Thank you very much in advance &
Best regards,
Robert
Not sure if this is a bug. You are responsible for setting the right calibrate_chunk_by. Setting calibrate_chunk_by=46 when num output is 47 doesn’t make sense. Please read the code to understand the purpose of this parameter.
Hi @masahi, thank you for your reply.

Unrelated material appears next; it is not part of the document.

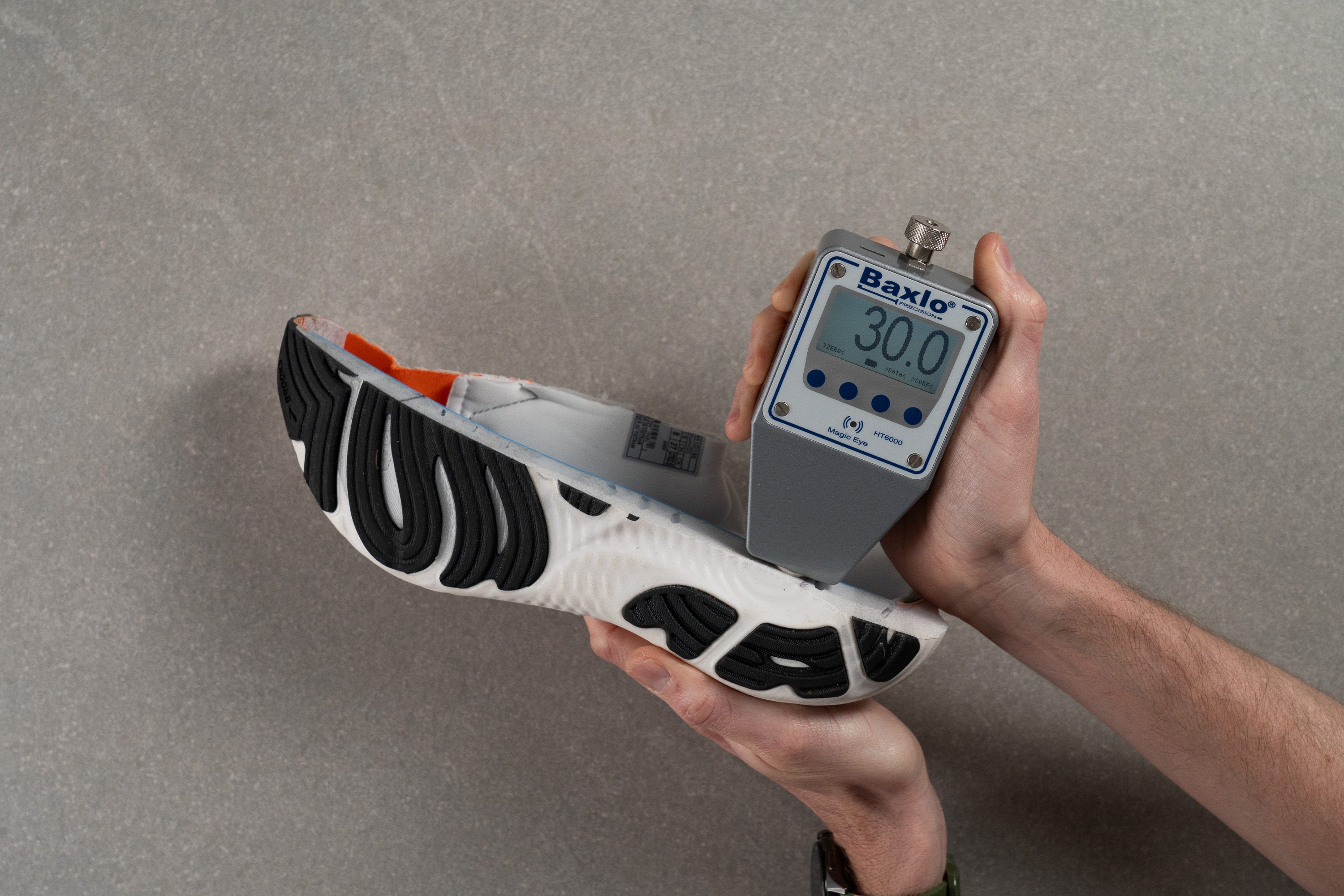 - In our independent shoe testing lab, we literally cut each shoe into pieces and measured every imaginable detail, including shock absorption, energy return, breathability, durability, traction, outsole thickness, tongue thickness, etc.

I do understand, but something is not right here: integrating exactly this test setup into the stock tutorial code leads me to the same error:
def quantize(mod, params, data_aware):
if data_aware:
- with relay.quantize.qconfig(calibrate_mode='kl_divergence', weight_scale='max'):
+ num_cpu = multiprocessing.cpu_count()
+ with relay.quantize.qconfig(calibrate_mode='kl_divergence', weight_scale='max', calibrate_chunk_by=num_cpu):
mod = relay.quantize.quantize(mod, params, dataset=calibrate_dataset())
else:
with relay.quantize.qconfig(calibrate_mode='global_scale', global_scale=8.0):
mod = relay.quantize.quantize(mod, params)
return mod
Just to give you the values range: in my case num_cpu=10 while the num_outputs=47 Would you be so kind to try it out in your environment? It would be great if someone could reproduce the issue… I’d really appreciate it!

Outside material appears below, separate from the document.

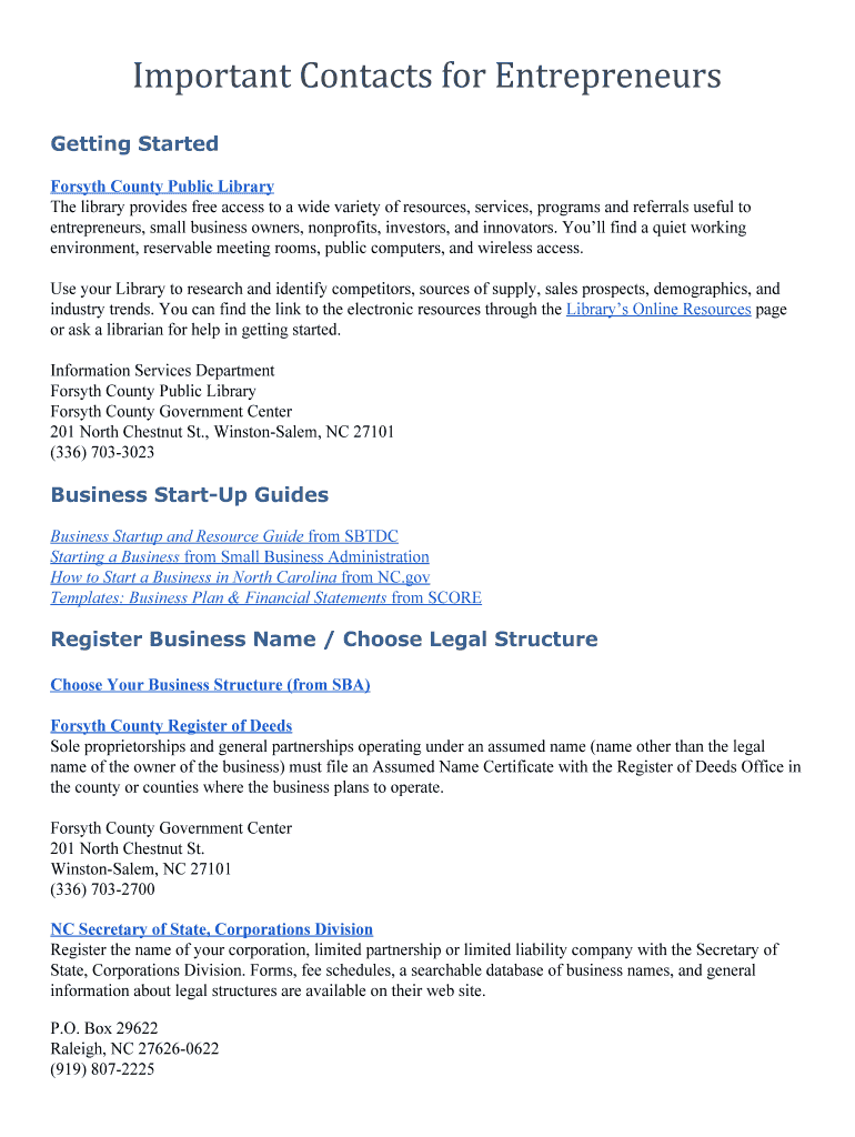 Important Contacts For Entrepreneurs is not the form you're looking for?Search for another form here.

Dear @masahi, dear @vinx13 I was hoping that you could try out the change in my previous comment to be able to reproduce the issue. Please try it out if you find a little bit of free time.
Thank you very much in advance!
Best regards,
Robert
Ok I took a look at your problem. I got the error you saw too, but this is not a bug in calibration code, but it is due to the calibration dataset used in the tutorial.
Since the dataset is defined as a generator, you can only consume it once. But if you use calib_by param, we need to run multiple passes over calibration dataset, so the dataset should be list or other data structures that can be traversed multiple times.
If you replace calibrate_dataset() function in the tutorial with below, it should work.
def calibrate_dataset():
val_data, batch_fn = get_val_data()
val_data.reset()
calib_data = []
for i, batch in enumerate(val_data):
data, _ = batch_fn(batch)
calib_data.append({'data': data})
if i > calibration_samples:
break
return calib_data